Vernon began to travel before he had taken his master's degree. During one of his voyages, he was taken by pirates and sold. After his release, he seems to have returned to Oxford. In 1668, he was chosen because of his experience to accompany Charles Howard, 1st Earl of Carlisle, ambassador-extraordinary to Sweden, and the king wrote to Christ Church requesting a leave of absence for him.

==In Paris==
Vernon was next appointed to go with Ralph Montagu to Paris as secretary to the embassy. His letters fell below the required standard, but he remained there till the end of 1671. He was, in fact, considered frivolous for filling correspondence with court and city gossip. He reported, for example, the first performances of plays by Jean Racine and Pierre Corneille in 1670 (the rival Bérénice and Tite et Bérénice).

During this time, Vernon became a point of contact between the scholars of France and England. In 1670, Christiaan Huygens, seriously ill, chose Vernon to carry out a donation of his papers to the Royal Society in London, should he die. Jean-Baptiste Colbert controlled the French Academy of Sciences closely; in particular, the circulation of publications of its academicians. Vernon copied the Mésure de la terre of Jean Picard for the Royal Society, which therefore saw it in 1671, while Colbert communicated it officially in 1676.

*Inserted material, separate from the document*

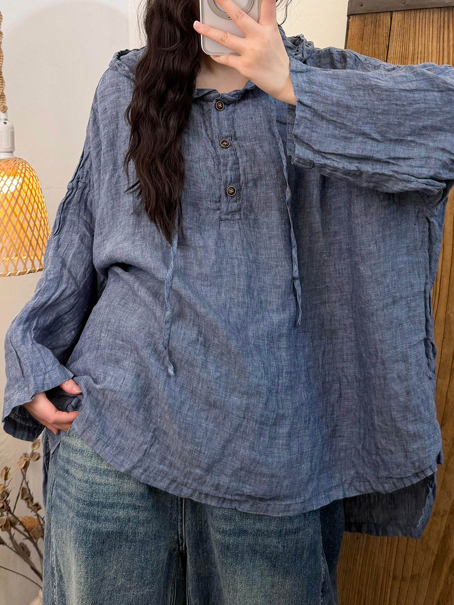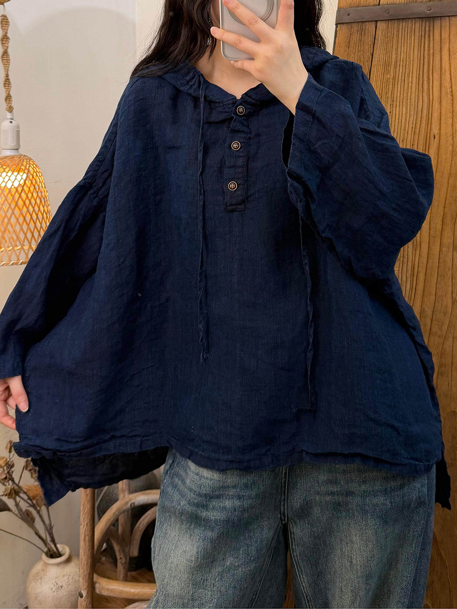بلوزة صيفية نسائية بغطاء رأس، بتصميم كلاسيكي، بلون موحد

Among Vernon's other correspondents was Edward Pococke, copies of whose son's Latin version of Ibn-al-Tifail he presented to the Sorbonne and to Christiaan Huyghens. Another correspondent was John Collins, for whom Vernon obtained books through Jean Berthet, including works by René Descartes and Blaise Pascal. He also sent James Gregory a copy of Fermat's Diophantus. Vernon's services were recognised by his election to the Royal Society on his return to England in 1672, his proposer being Henry Oldenburg.

==Final voyage and death==
Vernon's final journey was from Venice, through Dalmatia, Greece and the islands to Persia. This expedition led in particular to the rediscovery of the location of Delphi, which was, at that time, unknown in western Europe.

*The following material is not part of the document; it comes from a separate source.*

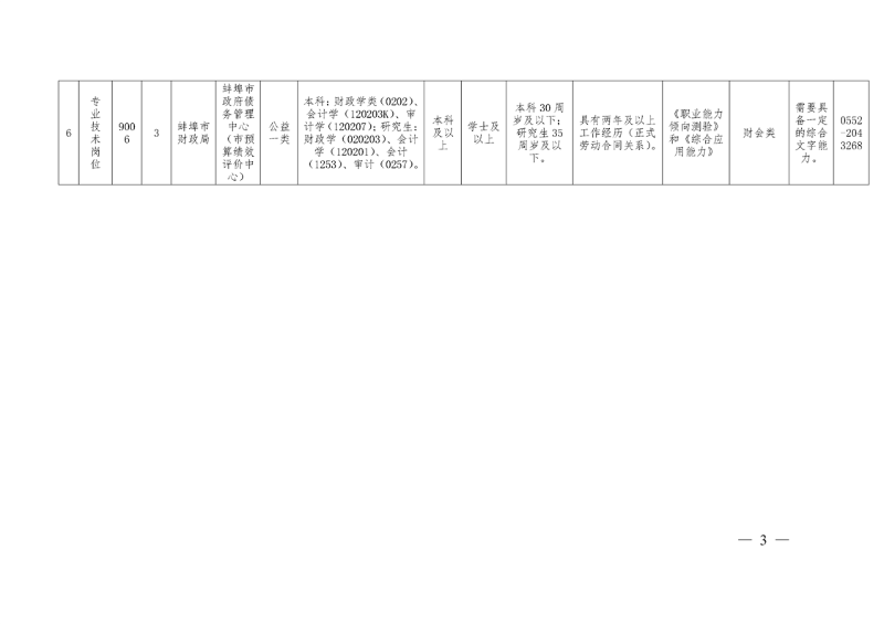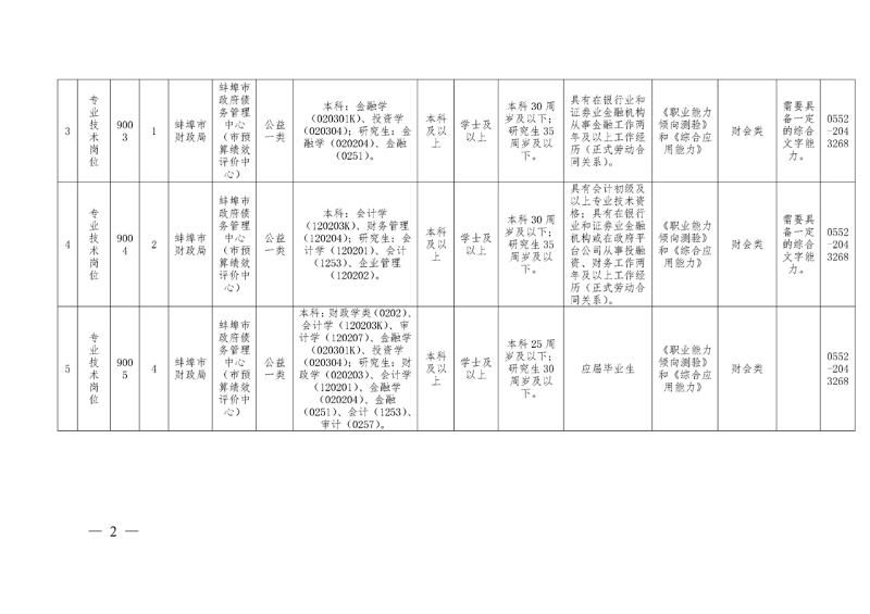 6 | 專業(yè)技術(shù)崗位 | 9006 | 3 | 蚌埠市財(cái)政局 | 蚌埠市政府債務(wù)管理中心(市預(yù)算績(jī)效評(píng)價(jià)中心) | 公益一類 | 本科:財(cái)政學(xué)類(0202)、會(huì)計(jì)學(xué)(120203K)、審計(jì)學(xué)(120207);研究生:財(cái)政學(xué)(020203)、會(huì)計(jì)學(xué)(120201)、會(huì)計(jì)(1253)、審計(jì)(0257)。 | 本科及以上 | 學(xué)士及以上 | 本科30周歲及以下;研究生35周歲及以下。 | 具有兩年及以上工作經(jīng)歷(正式勞動(dòng)合同關(guān)系)。 | 《職業(yè)能力傾向測(cè)驗(yàn)》和《綜合應(yīng)用能力》 | 財(cái)會(huì)類 | 需要具備一定的綜合文字能力。 | 0552-2043268 |

Vernon set off with George Wheler, Jacob Spon and Sir Giles Eastcourt on 20 June 1675. They were on the galley of the bailo (Giovanni Morosini, appointed that year). At Corfu, they were taken for spies, a recurring problem. The party broke up at Zante. All four, as well as Bernard Randolph, whom Vernon encountered later, left written records of these travels. An account of Athens, Athènes Ancienne et nouvelle, had appeared that year, written by George Guillet, who called himself Guillet de St Georges. It claimed to be based on first-hand experience but was in fact collated from published sources. Spon had seen a recent account by the Jesuit Jacques Babin and wanted to compare Guillet's book with the facts on the ground.

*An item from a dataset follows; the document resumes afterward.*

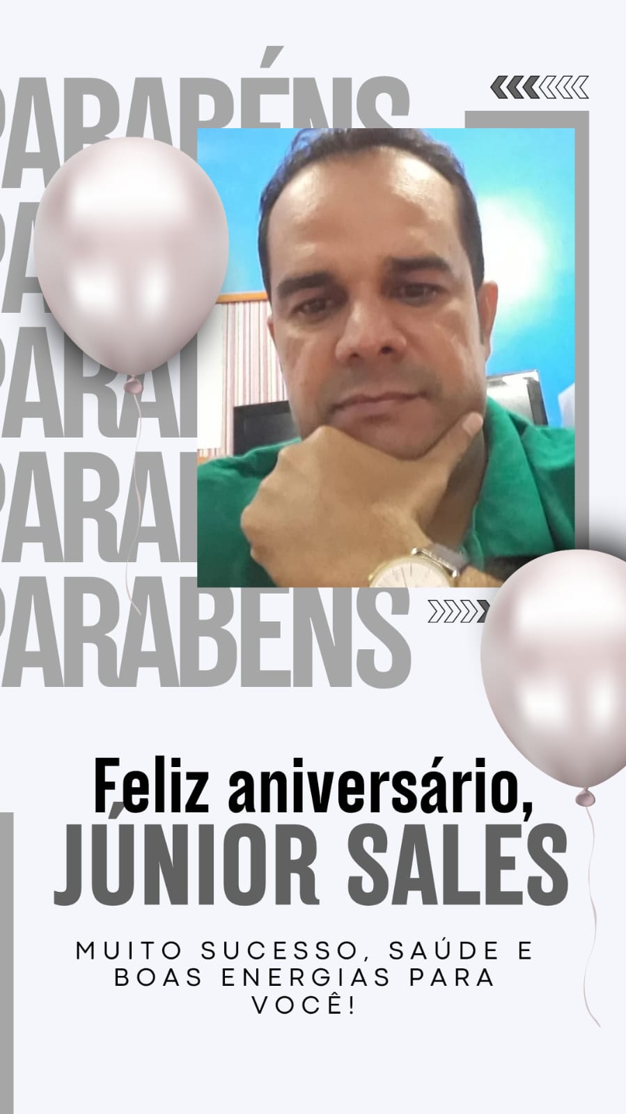 Júnior, que tu sigas com muita saúde, mais sucesso e que tua vida seja longa para curtir tuas conquistas. Que teu novo ciclo seja ainda mais porreta. Parabéns pelo teu dia, velho e querido amigo. Feliz aniversário!. Mais tarde apareço para a festa (risos).

Vernon in fact anticipated Spon in checking Guillet's book. He landed in central Greece in August 1675, through Domvrena. He travelled to Athens, and set up to tour the Peloponnese on 2 September with Eastcourt as companion. Via Mistra and Kalamata, they turned north to Patras. At Naupaktos, Eastcourt fell ill, and he died at Vitrinitza. Via Salona, Delphi and Thebes, Vernon returned to Athens on 3 October.

Arriving alone in Persia, in the spring of 1677, Vernon was in a quarrel over a penknife and was murdered. He was buried at Ispahan two days afterwards. News of his fate was transmitted by Robert Huntington in Aleppo.

==Works==
Vernon's Journal, which was begun at Spalatro (Split) and finished at Isfahan, was found among the papers of Robert Hooke. It contains notes and many inscriptions. A letter to Oldenburg, dated 10 January 1675, was printed in the Philosophical Transactions of 1676 as Observations made during Travels from Venice through Dalmatia … to Smyrna. It was translated into French by Jacob Spon, who incorporated it in his Réponses à la Critique publiée par M. Guillet, 1679. It contained the first description of Athens by an English visitor. In particular Vernon reported on the Parthenon, some years before the damage caused by Francesco Morosini's bombardment. Combined with notes of Jacques Carrey, the observations of Vernon were used by William Bell Dinsmoor in his Parthenon reconstruction, in relation to the south frieze.

A Latin poem entitled Oxonium Poema, published in 1667, under the initials "F. V. ex æde Christi", has been identified as by Vernon. It is a description of Oxford and its environs.